Technical training details
Smollm3 is trained through an internal mixture of face-hugging, which consists of high-quality web content, code, academic papers and multilingual sources. The 11t token training run is performed using a multi-node distributed training strategy of GPU clusters, and optimizations such as Flash Attention V2 are used for effective long-term training. Tokenizer is a 128k-Token sentence model shared in all supported languages.
For long-term support, embrace the face Linear and grouping attention mechanisms This minimizes secondary complexity while maintaining performance. This allows the model to handle context lengths up to 128K during training and inference without memory bottlenecks that encounter intensive transformers on this scale.
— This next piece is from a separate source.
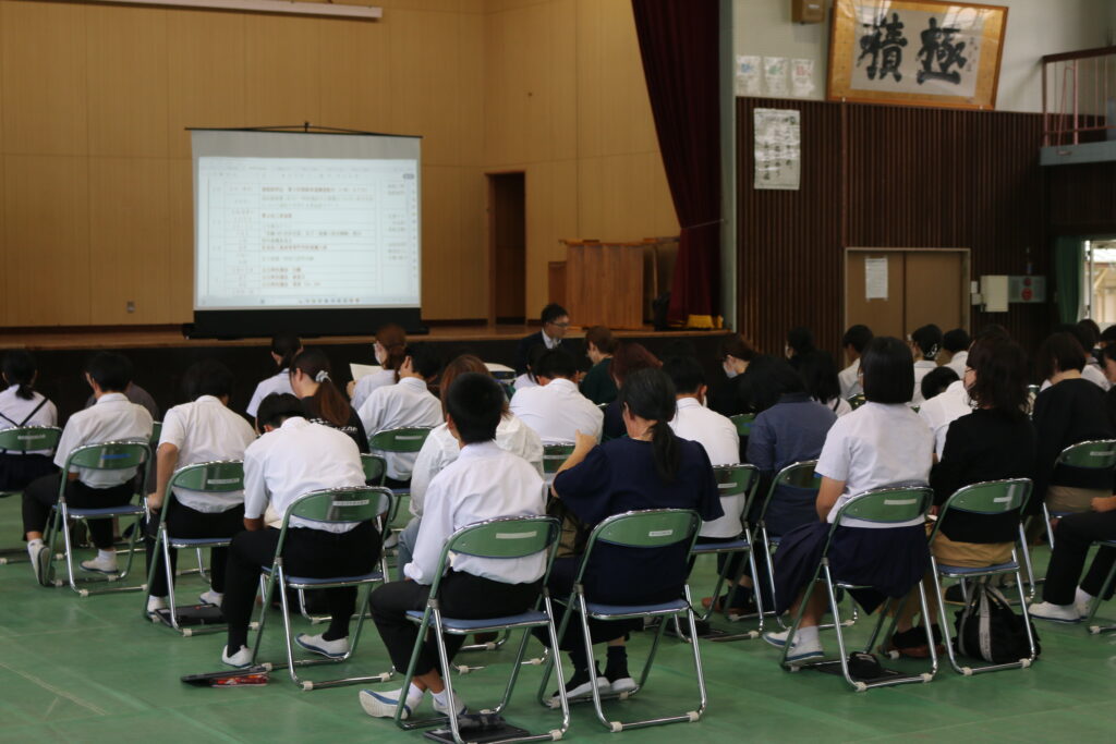 今回の説明会では、進学を控えた生徒、保護者に向けて今後の進路選択に関する情報提供や受験に関するスケジュール等の確認を行いました。生徒も保護者も真剣な表情で参加している様子でした。

this Smollm3-3b The TRLX library of Hugging Face is further trained to align with chat instructions, reasoning tasks, and tool usage demonstrations.
Performance Benchmark
SMOLLM3 performs well on a variety of multilingual and inference benchmarks:
- Xquad (Multi-language quality map): Competing scores in all six supported languages.
- MGSM (Multi-lingual Primary School Mathematics): Better than several larger numbers in zero beat settings.
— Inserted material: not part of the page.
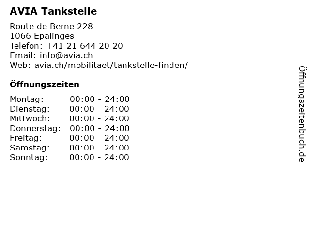 | Öffnungszeiten AVIA Tankstelle in Epalinges anzeigen | |
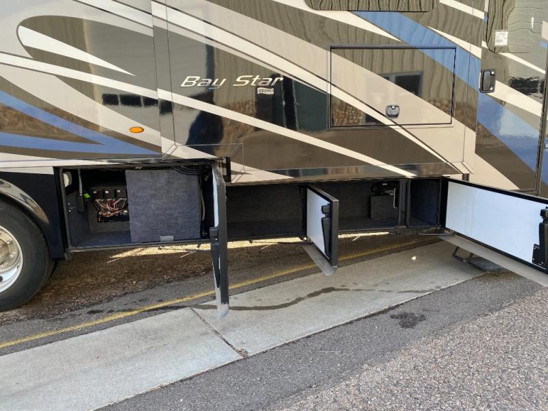 Discover the used 2019 Newmar Bay Star 3226 with full-paint exterior, Wi-Fi, satellite TV, king-bed comfort & smart leveling. Available at Campers Inn RV Johnstown, CO

- ToolQA and MultiHopQA: Shows a strong multi-step reasoning and contextual basis.
- Arc and mmlu: The fields of parity and expertise are highly accurate.
Although it doesn’t outperform the latest 7b and 13b models in every benchmark, the Smollm3’s performance-to-parameter ratio is still the highest in its class.

Use cases and applications
Smollm3 is especially suitable for:
- Low-cost multilingual AI deployment In chatbots, HelpDesk systems and record summary.
- Lightweight rags and search-based systems This benefits from the understanding of the novel.
- Tool Start Agent Compliance and deterministic tool calls are required.
- Edge deployment and private environments Smaller models are required due to hardware or data privacy constraints.
in conclusion
Smollm3 illustrates a new generation of language models with smaller capabilities. It combines multilingual support, long cultural processing and powerful reasoning (all within the 3B parameter footprint), marking an important step in model efficiency and accessibility. Hugging Face release shows that with the right training formula and architectural design, smaller models can still provide powerful performance in complex tasks traditionally reserved for larger LLMs.
Check Smollm3-3b Basics and Smollm3-3b-Instruct. All credits for this study are to the researchers on the project. Also, please stay tuned for us twitterand Youtube And don’t forget to join us 100K+ ml reddit And subscribe Our newsletter.

Asif Razzaq is CEO of Marktechpost Media Inc. As a visionary entrepreneur and engineer, ASIF is committed to harnessing the potential of artificial intelligence to achieve social benefits. His recent effort is to launch Marktechpost, an artificial intelligence media platform that has an in-depth coverage of machine learning and deep learning news that can sound both technically, both through technical voices and be understood by a wide audience. The platform has over 2 million views per month, indicating its popularity among its audience.